Picture: THINKSTOCK
Picture: THINKSTOCK

HAD it been released on any other day, the new White Paper on the proposed National Health Insurance (NHI) system might have made much bigger headlines, and led to much louder cries of outrage.

The release last Friday paled into relative insignificance on one of the worst days yet on SA’s financial markets, and coverage of the report was fairly muted.

Health Minister Aaron Motsoaledi got off quite lightly for releasing a white paper that at best is disappointing given that it has taken four years to produce, supposedly with input from hundreds of interested parties on the Green Paper issued in 2011.

The new document outlines ambitious plans to implement the NHI system in three phases over 14 years, providing all South Africans with services free at the point of delivery.

But it offers no meaningful new data on what this will cost, how it will be paid for and by whom. Nor is it specific on the details of the health-care services that will or will not be provided, or on the constrained role for medical schemes and the private health-care sector.

The document envisages a single NHI fund that will pay for services that will be purchased from public and private providers.

Medical schemes will be limited to providing top-up cover for unspecified "complementary" services.

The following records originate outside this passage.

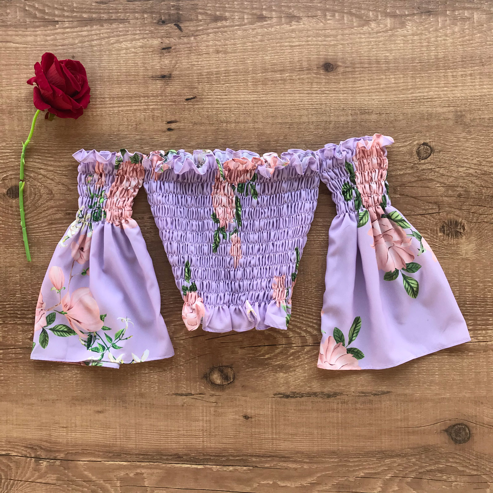 Como usar seu Cropped Ciganinha Drapeado Floral Lilás
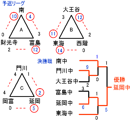 実力伯仲の中、決勝トーナメントに上がったのは南中、延岡中、東海中、大王谷中、門川中、富島中の
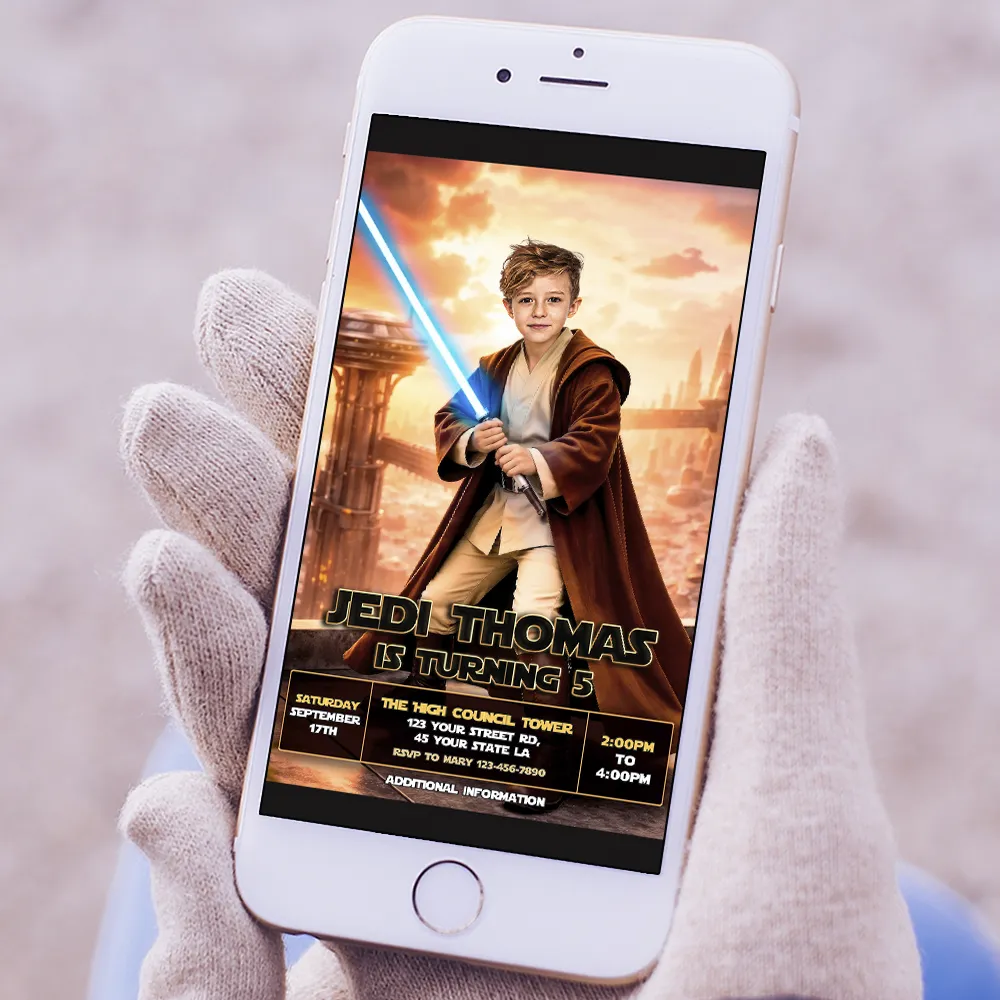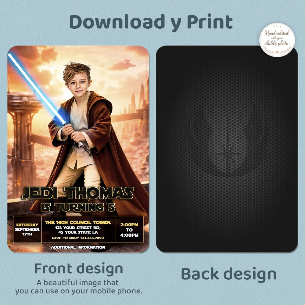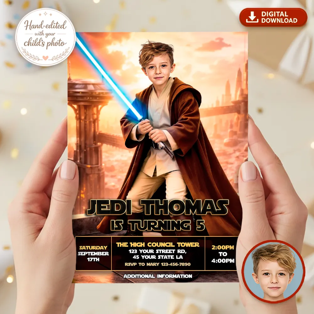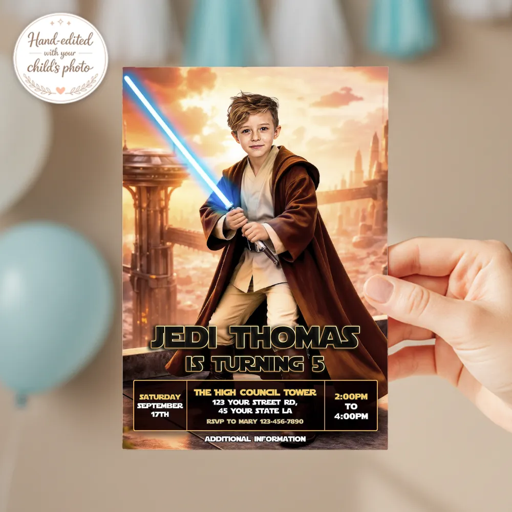What makes our invitations truly powerful? Our expert manual photo editing. We don’t rely on AI filters or automatic templates. Our designers carefully integrate your child’s face into the heroic character, adjusting light effects, shadows, and color tones to create a seamless, cinematic look. The result is bold, dynamic, and professionally crafted — as if he just stepped into his own galactic saga.

The objective of delivering free and high-quality health-care services for all citizens is laudable, as is the aspiration to curb steeply rising health-care costs. Without thorough and realistic costing, however, the NHI will remain in the realm of fantasy. A separate Treasury paper on the financing of the NHI was long promised, but no representatives of the Treasury were present when Dr Motsoaledi released the White Paper last week. Instead, the document used R256bn, a number hardly different from the estimate in the 2011 document. It also relies on an economic growth projection of 3.5% a year that now seems fantastical given that growth is stuck at 1.5% or less.

The document suggests various taxes that could be raised to fund the NHI shortfall, estimated to be from R28bn to R108bn. But, it gives no indication of how such taxes would be raised in a way that "does not damage growth or affect the poor negatively", as promised by Finance Minister Pravin Gordhan this week.

In changing SA’s rating outlook to negative this week, ratings agency Moody’s noted that expensive new programmes the government was considering, such as nuclear and the NHI, were evidence political pressures were growing, casting doubt on the ability of the government to stick to its commitment to restrain spending.

If SA fails to curb spending, a ratings downgrade will follow, with many negative consequences. An NHI proposal that does not take that on board is simply reckless.

For the NHI to be acceptable, it must appeal not only to the middle class, but to workers, too, whose trade unions have fought hard to ensure they can access private healthcare through medical schemes, rather than having to rely on the dysfunctional public health-care system. An NHI that would erode the quality of healthcare that people on medical aid already have would surely be open to legal challenge.

Of even more concern is that it might drive away skills, not only the private doctors and health-care providers who might not be happy to work with a centralised NHI, but everyone with medical aid and who can choose health-care providers now, but might not be able to do so under the NHI.

Fixing public healthcare facilities is a welcome part of the plan. But raiding the coffers of the private sector in the belief that it would somehow mean better public healthcare for all is not a viable or economically healthy option.

The biggest shortcoming of the White Paper is that it does nothing to allay legitimate fears about NHI promises.